▶ _DATA SHOWN_
_ _ _

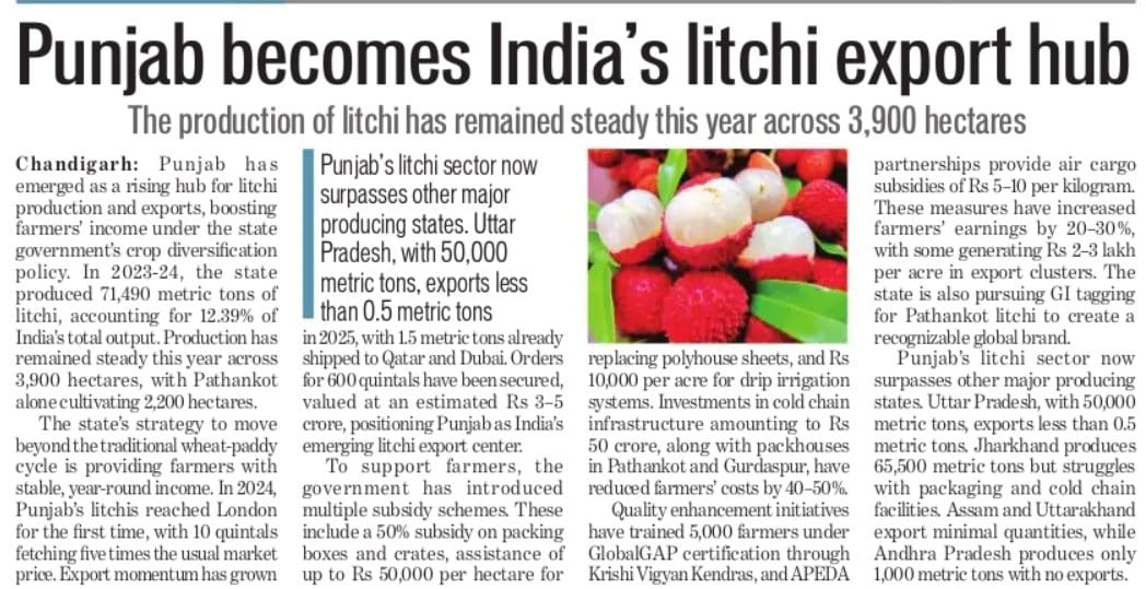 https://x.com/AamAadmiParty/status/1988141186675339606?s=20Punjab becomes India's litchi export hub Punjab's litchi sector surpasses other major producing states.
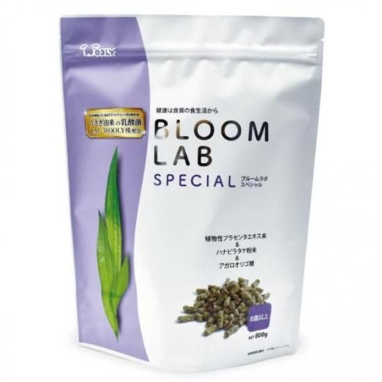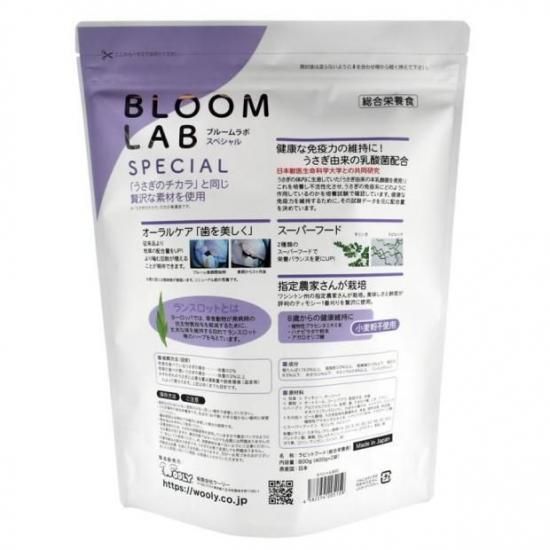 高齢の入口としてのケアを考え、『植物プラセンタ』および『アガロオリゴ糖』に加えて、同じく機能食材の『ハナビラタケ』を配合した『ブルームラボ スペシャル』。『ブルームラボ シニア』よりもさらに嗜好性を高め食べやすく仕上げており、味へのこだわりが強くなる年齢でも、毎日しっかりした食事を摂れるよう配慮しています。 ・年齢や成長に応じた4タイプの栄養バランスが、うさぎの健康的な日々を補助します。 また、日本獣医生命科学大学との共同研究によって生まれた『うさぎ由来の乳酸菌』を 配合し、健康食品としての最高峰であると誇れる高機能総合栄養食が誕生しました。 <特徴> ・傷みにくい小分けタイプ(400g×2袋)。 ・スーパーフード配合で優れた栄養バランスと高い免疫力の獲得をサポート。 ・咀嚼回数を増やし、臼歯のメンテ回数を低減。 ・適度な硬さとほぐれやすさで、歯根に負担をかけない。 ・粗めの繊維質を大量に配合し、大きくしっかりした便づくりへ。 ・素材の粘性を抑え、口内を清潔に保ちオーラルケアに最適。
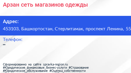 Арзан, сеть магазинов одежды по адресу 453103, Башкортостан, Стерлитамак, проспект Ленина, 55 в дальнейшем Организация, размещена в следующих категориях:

_ _ _

▶ _TASK DETAILS_
An exact copy of all the lines above is required, with the pictures removed.

▶ _EXERCISE RESULT_
 https://x.com/AamAadmiParty/status/1988141186675339606?s=20Punjab becomes India's litchi export hub Punjab's litchi sector surpasses other major producing states.
 高齢の入口としてのケアを考え、『植物プラセンタ』および『アガロオリゴ糖』に加えて、同じく機能食材の『ハナビラタケ』を配合した『ブルームラボ スペシャル』。『ブルームラボ シニア』よりもさらに嗜好性を高め食べやすく仕上げており、味へのこだわりが強くなる年齢でも、毎日しっかりした食事を摂れるよう配慮しています。 ・年齢や成長に応じた4タイプの栄養バランスが、うさぎの健康的な日々を補助します。 また、日本獣医生命科学大学との共同研究によって生まれた『うさぎ由来の乳酸菌』を 配合し、健康食品としての最高峰であると誇れる高機能総合栄養食が誕生しました。 <特徴> ・傷みにくい小分けタイプ(400g×2袋)。 ・スーパーフード配合で優れた栄養バランスと高い免疫力の獲得をサポート。 ・咀嚼回数を増やし、臼歯のメンテ回数を低減。 ・適度な硬さとほぐれやすさで、歯根に負担をかけない。 ・粗めの繊維質を大量に配合し、大きくしっかりした便づくりへ。 ・素材の粘性を抑え、口内を清潔に保ちオーラルケアに最適。
 Арзан, сеть магазинов одежды по адресу 453103, Башкортостан, Стерлитамак, проспект Ленина, 55 в дальнейшем Организация, размещена в следующих категориях:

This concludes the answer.